Exercise brief:
Once you reach the line with "Tributo all’omonimo racconto" in the material below, copy each line exactly up to and including the line with "stanju | 3 W |", and skip the pictures.

Data excerpts:
==========
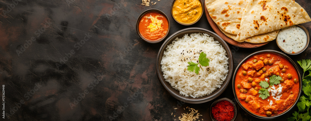 Indian food spread with various curries, rice, naan bread, and spices. Traditional cuisine for national festivals and celebratory meal concept. #1753629448
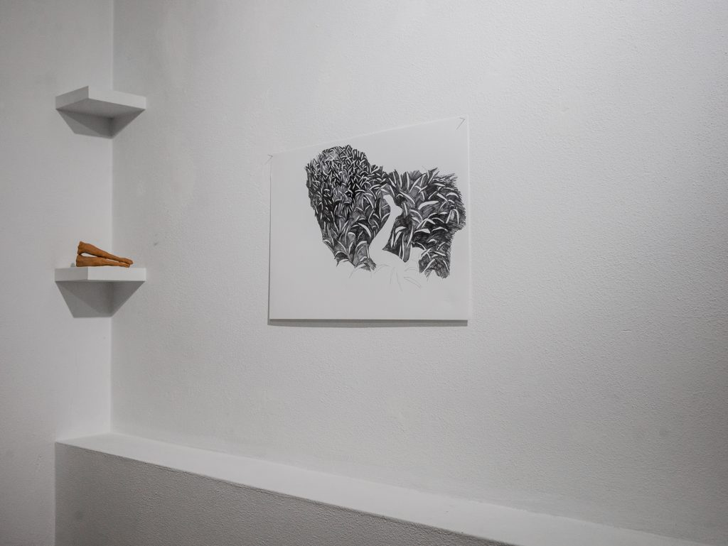 Tributo all’omonimo racconto di David Foster Wallace, dal quale l’operazione ha preso il titolo, il percorso espositivo da Nelumbo comincia con alcuni disegni a grafite in cui Baroncini rappresenta frammenti di giardini ideali nei quali il colore è assente, ma la cui presenza si percepisce chiara, in attesa di essere identificata, come nel caso del protagonista del racconto che, interloquendo con MayFly, sembra in primis quasi rinnegarlo. Poi, una maniglia di terracotta che incarna due piccole gambe indica la portcina in verde acquamarina.
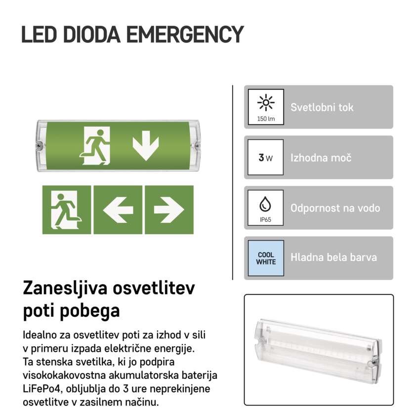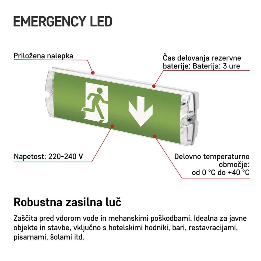| izhodna moč v zasilnem stanju | 3 W |
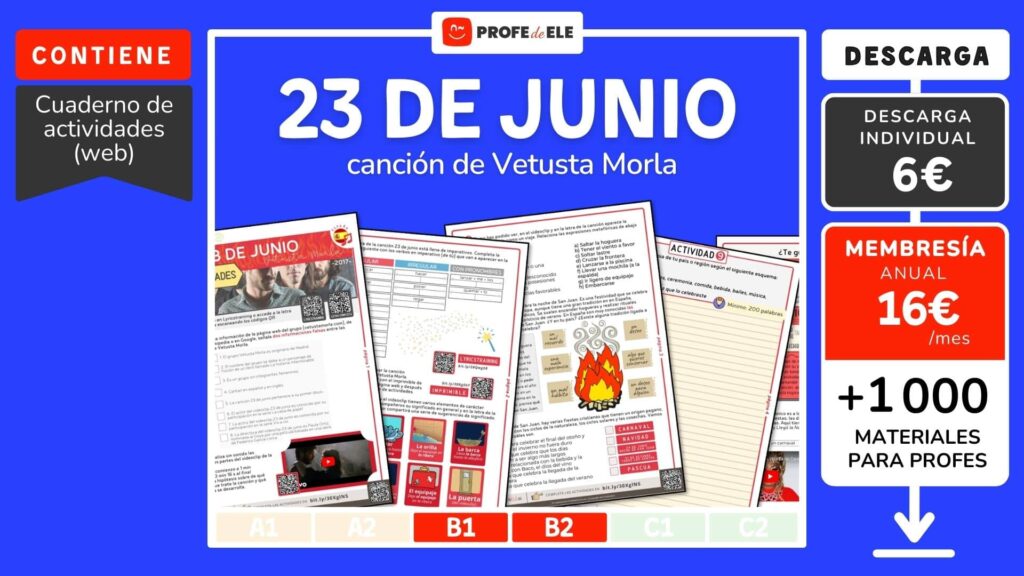 La letra de la canción 23 de junio está llena de imperativos. Completa la actividad siguiente con los verbos en imperativo que van a aparecer en la canción. Si necesitas una revisión del imperativo, haz clic en el siguiente enlace.
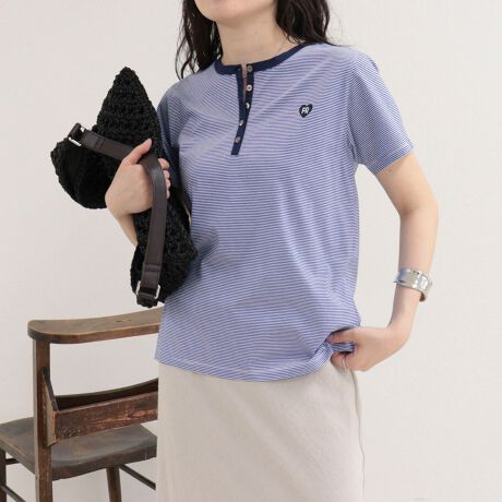 ・左胸のハートFR刺繍がワンポイントで可愛いヘンリーTシャツ
==========
Exercise answer:
 Tributo all’omonimo racconto di David Foster Wallace, dal quale l’operazione ha preso il titolo, il percorso espositivo da Nelumbo comincia con alcuni disegni a grafite in cui Baroncini rappresenta frammenti di giardini ideali nei quali il colore è assente, ma la cui presenza si percepisce chiara, in attesa di essere identificata, come nel caso del protagonista del racconto che, interloquendo con MayFly, sembra in primis quasi rinnegarlo. Poi, una maniglia di terracotta che incarna due piccole gambe indica la portcina in verde acquamarina.
| izhodna moč v zasilnem stanju | 3 W |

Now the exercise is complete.